そのかわり全3巻のてんとう虫コミックスは兄弟とともに繰り返し繰り返し読み、ほぼ血肉と化しているナリ。その後、中公文庫でも全2巻の文庫となった。
さて、そんな折に、藤子・F・不二雄大全集版の「キテレツ大百科」の中身を、ちょっとのぞく機会があった。懐かしさの体験と、解説が気になってね。
しかし……
さきほど言ったように、てんとうむしコミックスを血とし肉とした、自分がどう考えても知らない作品がある!!!
藤子・F・不二雄大全集版「キテレツ大百科」には、かつてのコミックスには収録されていない未収録作品が載っているのだ!!!
こういうことは、ここに聞くのが手っ取り早い…いや、コメント欄とかで質問する前に、既に大全集が出た2009年にこの話を書いていたよ!!!さすが
「藤子不二雄ファンはここにいる」ブログより
2009-08-25 藤子・F・不二雄大全集第2回配本
http://d.hatena.ne.jp/koikesan/20090825F全集『キテレツ大百科』第1巻は、『キテレツ大百科』自体に単行本未収録話がないため「単行本初収録」という売りはありませんが、既存の『キテレツ大百科』の単行本で最も多く売れたであろう「てんとう虫コミックス」全3巻(小学館)では読めない話が、F全集第1巻に4話収録されているので、サブタイトルだけ紹介しておきます。
「聞き耳ずきん」
「公園の恐竜」
「冥府刀」
「一寸ガードマン」
の4話です。
あっ、「てんとう虫コミックス」以外にも単行本があったの?
でも、それじゃたしかに自分にとっては、あるいは多くの人にとっては初見の作品だ。
やっぱり「未収録作」と言っていいはずなので、
奥ゆかしくやらずに
もっと宣伝するべきだったね、そのことを。
で、うち一本「冥府刀」が怖いんだよ!!!
「なぜ、キテレツ斎さまがわざわざ墨を塗って消した発明品を作るナリか?」
もう、このオープニングから悪い予感しかしない…
ご先祖様の「封印作品」をあえて完成させようとするキテレツのマッドっぷりが炸裂だ。
しかし「この発明は、キテレツ斎さまが墨で塗りつぶしていたが、大百科には墨の消し方も載っていた」って、単純に話を進めるための展開だったんだろうけど、よく考えるとなんとも皮肉というか、核やビッグデータのようなものを規制しようとしてし切れない、「科学の封印の限界」…その無意味さや無効さを風刺しているような気がする。
そして、
『昔の人がいう「あの世」っていうのは、異世界、異次元のことなんだ』
『この発明「冥府刀」は、次元の境い目に切り込みを入れて、その異次元への道をつくるんだ』
と、自信満々に語るキテレツ。
しかしその時期、その地区でまさにキテツの家から帰宅中のみよちゃんが、一緒の同行人もいる中で、急に行方不明になる事件が発生し……

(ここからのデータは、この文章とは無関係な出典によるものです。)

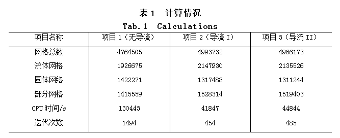 因結(jié)構(gòu)相對復(fù)雜,取消“自動設(shè)置”選項,將“細小固體特征細化級別”設(shè)為3級,“細化流體網(wǎng)格”設(shè)為2級,啟用狹長通道細化,其中網(wǎng)格數(shù)目為6,細化級別為4級。因結(jié)構(gòu)相同,在相同的設(shè)置下,3個項目劃分的網(wǎng)格數(shù)相近,網(wǎng)格總數(shù)為接近500萬個結(jié)構(gòu)化網(wǎng)格,詳見表2。本分析采用8核處理器+16G內(nèi)存專業(yè)析工作站計算。從CPU計算時間和迭代次數(shù)可觀察:雖然項目1的網(wǎng)格數(shù)量最少,但項目1的計算時間和迭代次數(shù)遠遠大于項目2和項目3,由此,可推測軟件在計算項目2和項目3比較流暢。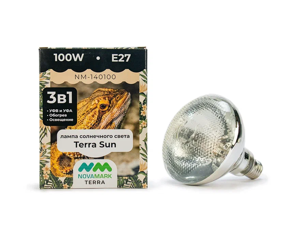 Лампа Солнечного света Terra Sun от NOVAMARK TERRA, идеально подходят для высоких террариумов, а также для террариумов, где необходим УФ высокой интенсивности: дефицит кальция у животного (начальная стадия рахита) или густо засаженный растениями террариум.Лампы NOVAMARK Солнечный свет обеспечат ваших питомцев полным подобием натурального солнечного света, со всеми вытекающими преимуществами. Оптимальные уровни УФВ и УФА, натуральный источник инфракрасного тепла, и видимый спектр приближенный к естественному дневному свету. Технические характеристики: Тип HID, PAR 38 - Газоразрядная лампа со встроенным балластом 100Вт 220-240М 50Гц Цветовая температура 4000К Цветопередача (CRI) ?70 Срок службы 5000 часов

そして地域の住民には信用されないが、キテレツ(というかF先生)が独自に集めていた「実話記録」を紹介したり、なんとなく分かったというか、「そういうこともありそうだ」と思わせるようなアナロジーを説明する。
F先生、はっきり言ってこういうの個人的にも好きだったそうです。
信じる信じないは別として、ムーの熱心な読者になるタイプ。
そしてキテレツは、好奇心ではなく彼女を救出するためのアイテムとして冥府刀を使い、勇敢にもその「異世界」、に飛び込んでいくが、
そこで出会うのは!!
なんだこの、シンプルなのに不気味なクリーチャーデザインは……!!!
藤子・F・不二雄先生が、作品を単行本未収録にする基準って、けっこう厳しいんです。
「つまらないから収録しなかった」とか平然と言っちゃうし、読んでみるとどこがつまらないのかさっぱり分からないこと多し。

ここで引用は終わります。